Gus Malietoa-Brown

Personal information
- Born: 28 July 1975 (age 50)
- Height: 180 cm (5 ft 11 in)
- Weight: 95 kg (14 st 13 lb)

Playing information
- Position: Centre, Five-eighth, Lock
Club
| Years | Team | Pld | T | G | FG | P |
| 1994 | Counties Manukau | 13 | 4 | 0 | 0 | 16 |
| 1996 | Counties Manukau | 13 | 14 | 0 | 0 | 56 |
|  | Total | 26 | 18 | 0 | 0 | 72 |
Representative
| Years | Team | Pld | T | G | FG | P |
|  | Western Samoa |  |  |  |  |  |

= Gus Malietoa-Brown =

Western Samoa international rugby league footballer

Gus Mailetoa-Brown (born 28 July 1975) is a former Western Samoa international rugby league footballer.

==Playing career==
A Manurewa and Papakura junior, Mailetoa-Brown first attracted interest from the Brisbane Broncos. However, by 1994 he was playing for the Counties Manukau Heroes in the Lion Red Cup. He was signed with the Auckland Warriors in 1995 but never played a first grade game for the club and was released in June 1996. He scored two tries in the 1996 Lion Red Cup grand final, being part of the Counties Manukau side that lifted the trophy.

While playing for the Eastern Tornadoes in 1999, Malietoa-Brown represented Auckland South.

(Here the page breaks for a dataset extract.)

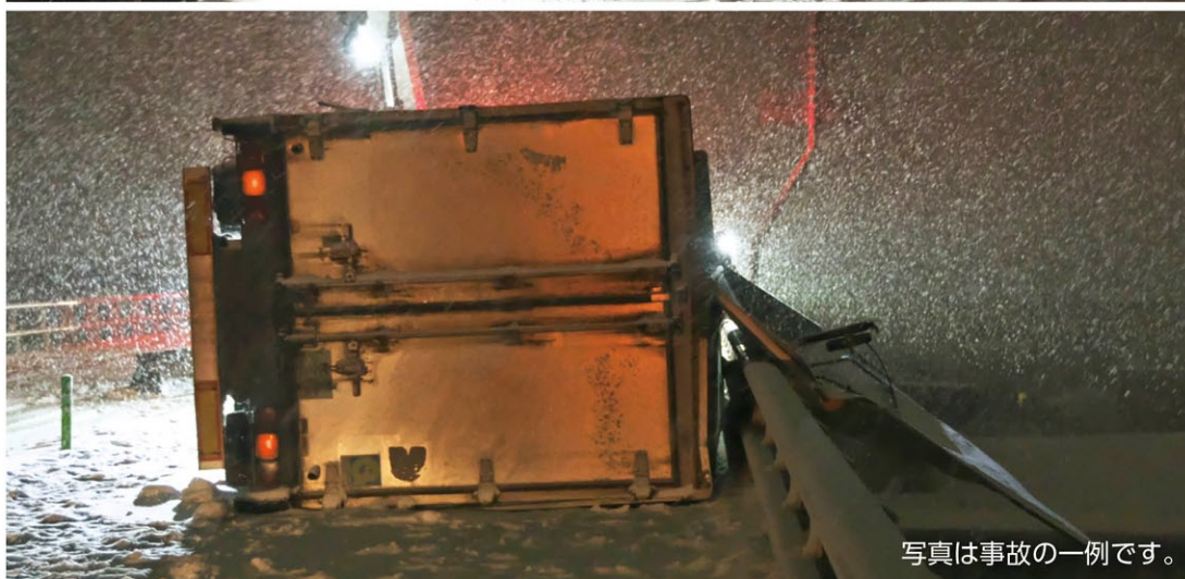
写真は事故の一例です。

He played for the Mt Albert Lions in the 2004 Bartercard Cup. Malietoa-Brown later played club games for the Manurewa Marlins in the Auckland Rugby League competition, including in 2011.

==Representative career==
Mailetoa-Brown was a Samoan international and played at the 1995 Rugby League World Cup.

==Personal life==
Malietoa-Brown, grew up in Manurewa and is the grandson of Malietoa Tanumafili II. Malietoa-Brown is also first cousins to both Nigel and Joe Vagana. Gus attended De La Salle College in Auckland.